Aggregate Sale Price for Shares Sold During Fiscal
Year in Reliance Upon the 24f-2 Declaration $51,174,959
Reduced by the difference Between
(1) Aggregate Redemption Price of
Shares Redeemed During the Fiscal
Year. $8,333,769
and,
(2) Aggregate Redemption Price of Redeemed
Shares Previously Applied by Registrant Pursuant
to 24e-2(a) Filings Made Pursuant to Section
24(e)(1) of Investment Company Act of 1940. $ -0-
Equals $ 42,841,190
7. Enclosed please find an opinion of counsel. The amount payable to the
Securities and Exchange Commission, $8,568.24 was wired to Account No. 910-8739
at Mellon Bank with reference "24f-2 filing, 33-06576". The fee has been
calculated as follows:
$42,841,190 / 5000 = $8,568.24
Very truly yours,
BT PYRAMID MUTUAL FUNDS
By: /s/JAMES S. LELKO, JR.
James S. Lelko, Jr.
Assistant Treasurer
<PAGE>
6 ST. JAMES AVENUE
NINTH FLOOR
BOSTON, MASSACHUSETTS 02116
(617) 423-0800
November 15, 1995
BT Pyramid Mutual Funds
6 St. James Avenue
Boston, Massachusetts 02116
Ladies and Gentlemen:
RE: RULE 24F-2 NOTICE FOR BT PYRAMID MUTUAL FUNDS
FOR THE FISCAL YEAR ENDED SEPTEMBER 30, 1995.
This opinion is being furnished in connection with the registration,
pursuant to Rule 24f-2 under the Investment Company Act of 1940, as amended (the
"1940 Act"), of an indefinite number of Shares of Beneficial Interest (par value
$0.001 per share) (the "Shares") of BT Investment Equity Appreciation Fund, (the
"Fund"), series of BT Pyramid Mutual Funds, a Massachusetts business trust (the
"Trust"), under the Securities Act of 1933, as amended (the "1933 Act"). I
understand that the Trust proposes to file a notice (the "Notice") with the
Securities and Exchange Commission (the "Commission") with respect to the
Trust's fiscal year ended September 30,1995, pursuant to such Rule 24f-2 under
the 1940 Act. This opinion is being furnished with a view to your filing it with
the Commission in conjunction with the filing of the Notice.

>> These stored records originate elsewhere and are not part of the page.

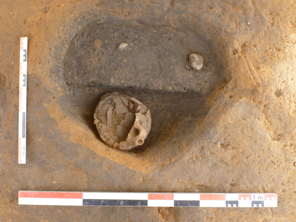 Après un hiatus de plusieurs siècles, le secteur est de nouveau occupé à l’époque tibérienne. Un premier fossé d’enclos délimite et structure l’espace consacré à l’habitat et aux activités artisanales. A cette première époque sont liés une série de foyers et de fosses, une grande fosse d’extraction de matériaux ainsi qu’un probable espace aménagé de travail ou d’artisanat. Les traces des premiers aménagements liés à la structure d’habitat (sablières basses, radier, trous de poteau et fosse) nous sont apparues de manière ténue, masquées en partie par l’implantation de structures postérieures.
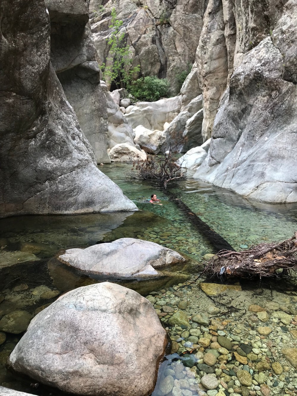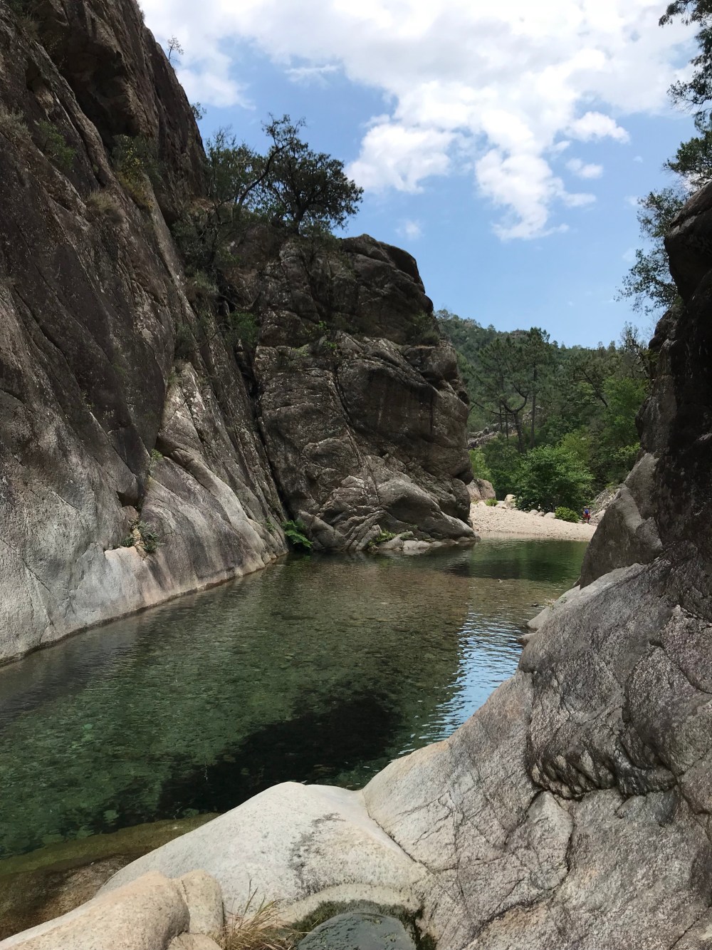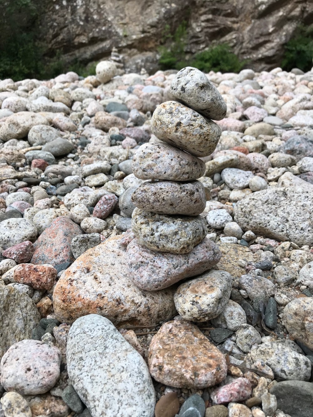Die ersten 10 Minuten sind wir im Bachbett über 10- 30 cm große Runde Granit“Kiesel“ gelaufen .. das gehen wie auf Eiern passte nirgends besser.
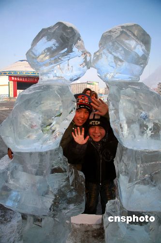 2月2日,一批批游人走进新疆博乐市西部文化广场,观看冰雕作品。近日由新疆博尔塔拉蒙古自治州举办的首府迎新春冰雕展,成为冬日里的一道亮丽风景线,每天吸引着众多游人前来观赏。中新社发 胡维斌 摄
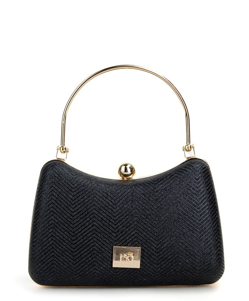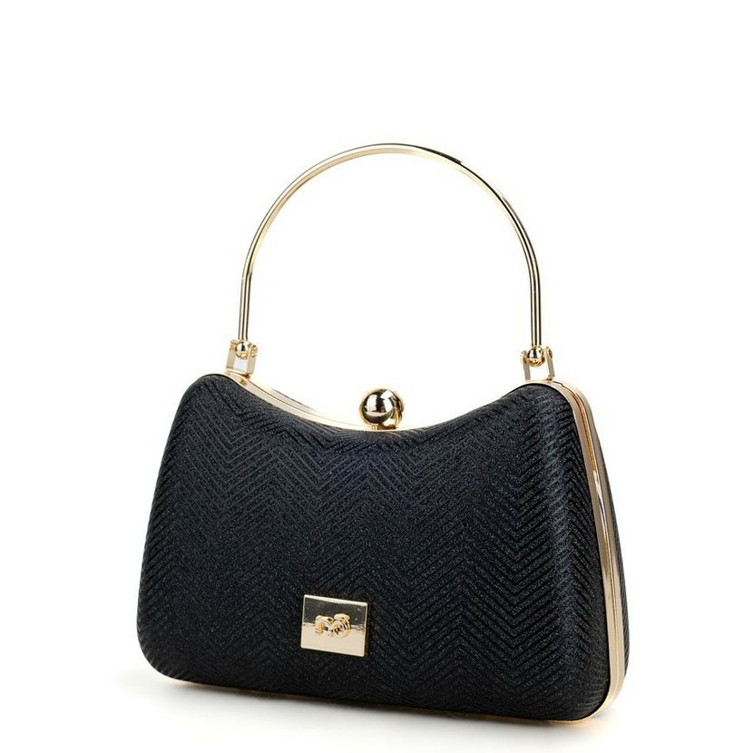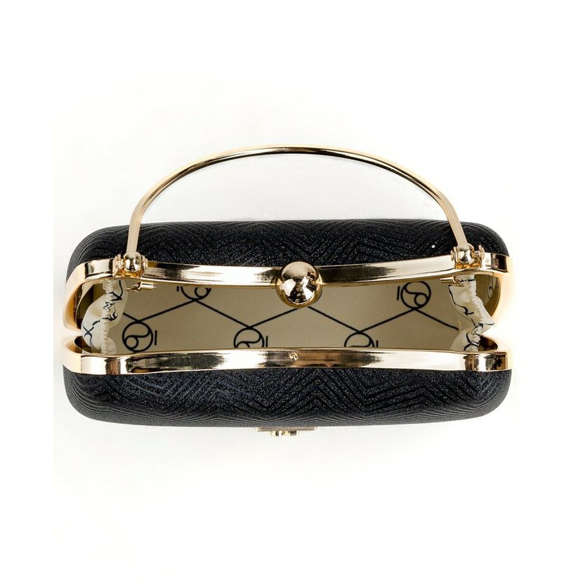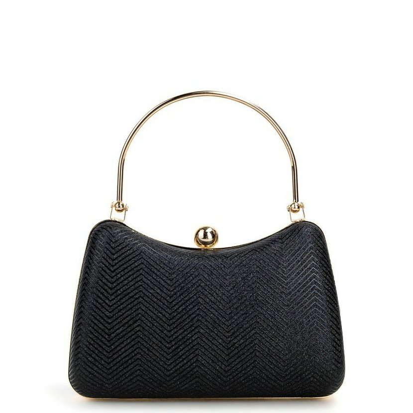 Společenská kabelka má kovové držadlo do ruky a přídavný řetízek přes rameno. Kabelka má kovové zapínání. Kabelka má pevný tvar. Kovové komponenty mají zlatou barvu. Kabelka je balená v ochranném pytlíku.
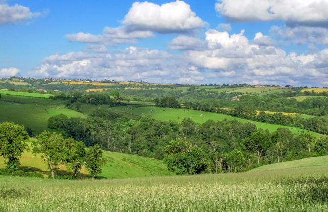La vitalité du village fait plaisir à voir. Il est situé au cœur d’un des vallons du Ségala, fertile région où l’agriculture raisonnée prend le dessus. Fait rare en août, pas de paillasse jaunâtre brûlée par le soleil mais des verts tendres printaniers, à la faveur des pluies récentes !
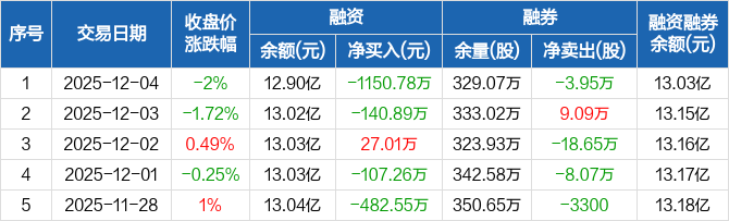 永辉超市:融资净偿还1150.78万元,融资余额12.9亿元(12-04)

This opinion is limited solely to the laws of the Commonwealth of
Massachusetts as applied by courts in such Commonwealth. This opinion is limited
solely to the Shares of the Trust as of the fiscal year ended September 30, 1995
as reflected in the Notice. I understand that the foregoing limitation is
acceptable to you.
Based upon and subject to the foregoing, please be advised that it is
my opinion that the Shares covered by the Notice were legally issued and (to the
extent still outstanding) are fully paid and non-assessable, except that, as set
forth in the Trust's registration statement as currently in effect filed with
the Commission pursuant to the 1933 Act, shareholders of the Trust may under
certain circumstances be held personally liable for its obligations.